The mark Sziget leaves on life in the capital for the period around the festival is instantly apparent when you touch down and find the in-built Sziget transport office in airport arrivals. From here you can purchase reasonably-priced travel passes, one of which gives you unlimited use of the city’s public transport for the duration of your stay. For those staying off-site, a metro takes you from the city centre to the island each day, which amid continental, searing climes can feel like an assault on human temperature regulation, however, with a slick 20-minute travel time it’s nothing a paper towel to the forehead doesn’t fix.
From here, I make the iconic pilgrimage across the now Sziget-synonymous K Bridge over the Danube, and at around 2 pm, join protracted first-day queues, which attending early in the afternoon helps make more bearable. They move efficiently, however, and on no subsequent day do I queue again, whilst also tending to arrive later, in the early evenings, but overnight set times mean it’s commonplace to show up past 8 pm.

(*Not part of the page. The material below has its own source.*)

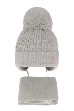 Czapka i szalik dla dziewczynki zimowy komplet, szary, wiązany, z pomponem Marisa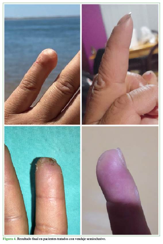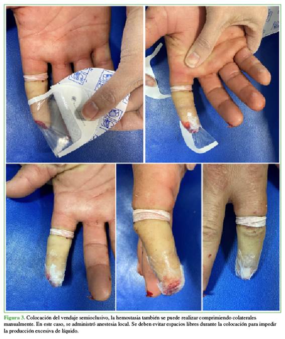 semioclusivo en las lesiones de la punta de los dedos, incluso con exposición

With a couple of hours until the first performer, I get my first taste of the endless culinary wonders pitched up across the site, with all corners of the globe and dietary requirements accounted for. A bowl of Indonesian street food energises me for Remi Wolf, and if I’m to match the Californian singer-songwriter’s exuberance I need all the nutrients I can get.

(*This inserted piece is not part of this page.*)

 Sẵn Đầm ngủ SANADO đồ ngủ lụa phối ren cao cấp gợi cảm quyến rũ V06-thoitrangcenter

The 26-year-old lands on the main stage as the peppiest rockstar imaginable - “How many of you have felt like a cunty ass bitch?”, she asks the crowd at one point, against her multi-coloured, cartoon-heavy visuals, one of which depicts her on all fours pretending to be a cat, and another, swimming in a psychedelic rainbow ocean. They certainly colour the atmosphere, however, the deftness of the consistent run of bangers, largely driven by funk and soul, isn’t overlooked. A cover of Gnarls Barkley’s “Crazy” accentuates her vocal prowess, and her instrumental skills come to the fore when she boots her drummer off the kit for a turn, redeploying him to leading crowd affirmation chants, including: “It’s Dua Lipa summer”.
Fast-forward to 9 pm and you’d be forgiven for thinking it was Dua Lipa’s world. The Future Nostalgia album’s bounty of disco-pop magic makes for a set of evenly-dispersed joy, that perhaps surprisingly, serves as one of the greatest unifiers of the festival’s duration. Whilst mutterings of ‘’Ugh, she’s so fit’’ are frequent, the eruption of the likes of “Don’t Start Now” prove impossible not to get behind regardless of musical inclinations. The 26-year-old may as well be the alpha and omega of the whole music industry at that moment, but it’s only 11 pm when she finishes, and at Sziget, that’s barely afternoon.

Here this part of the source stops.